■ Stored dataset items:

+ + + + + + +

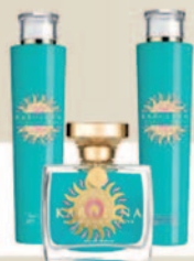
Set de fragancias Karolina by Karolina Kurkova 30103

La armonía en todos los niveles. ¿A quién no le gusta? Una fragancia sobre la piel debe ser más o menos intensa, dependiendo de la ocasión. Los geles de ducha y la loción para el cuerpo las opciones más discretas. Sin embargo, en combinación con un perfume, se convierten en una fuente vibrante de fragancia. Por este motivo todos nuestros perfumes están disponibles en nuestros sets de fragancias – ¡para una armonía extra con efecto de ahorro!
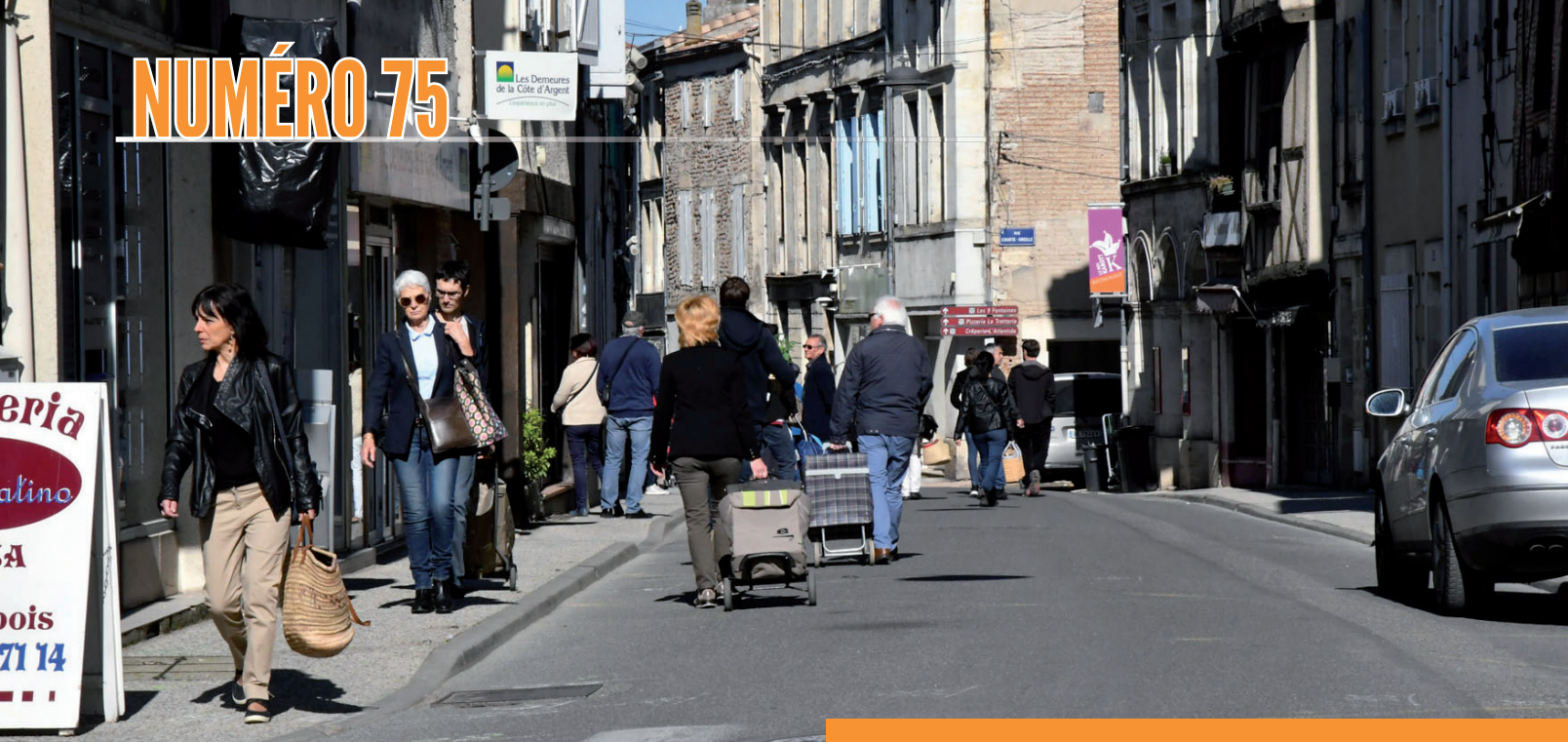
Les cabas des usagers du marché déambulent rue de la République.
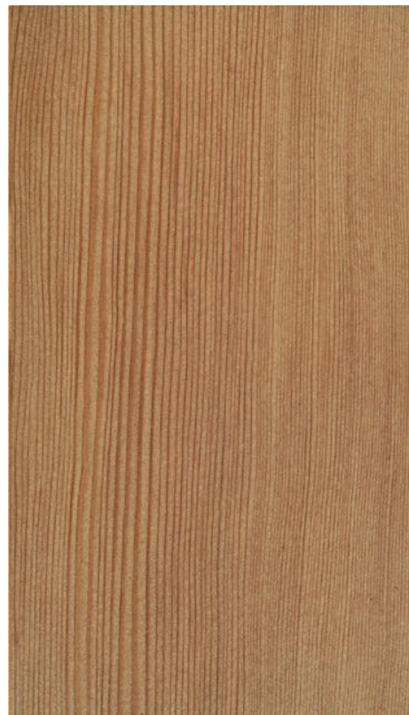
Holzoberfläche von Hemlock (Radialschnitt)
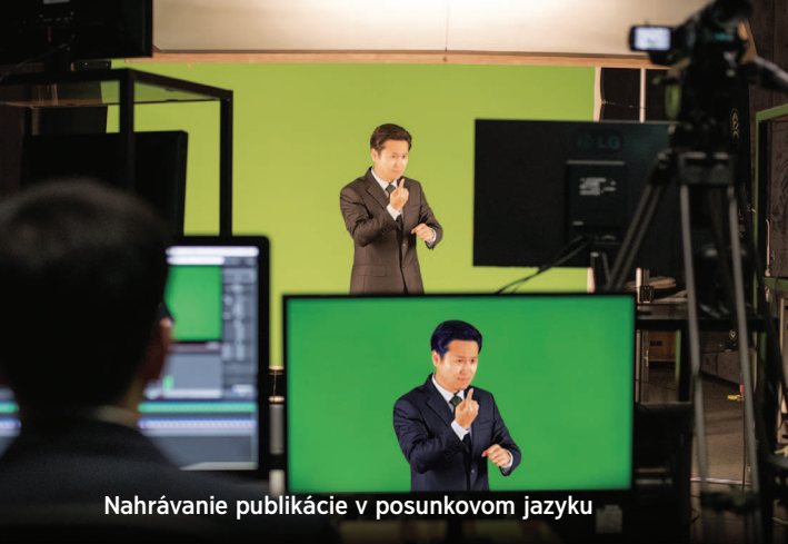
Nahrávanie publikácie v posunkovom jazyku

+ + + + + + +

■ ACTIVITY:
The reply must hold every line above exactly as written and none of the pictures.

■ EXPECTED ANSWER:
Set de fragancias Karolina by Karolina Kurkova 30103

La armonía en todos los niveles. ¿A quién no le gusta? Una fragancia sobre la piel debe ser más o menos intensa, dependiendo de la ocasión. Los geles de ducha y la loción para el cuerpo las opciones más discretas. Sin embargo, en combinación con un perfume, se convierten en una fuente vibrante de fragancia. Por este motivo todos nuestros perfumes están disponibles en nuestros sets de fragancias – ¡para una armonía extra con efecto de ahorro!
Les cabas des usagers du marché déambulent rue de la République.
Holzoberfläche von Hemlock (Radialschnitt)
Nahrávanie publikácie v posunkovom jazyku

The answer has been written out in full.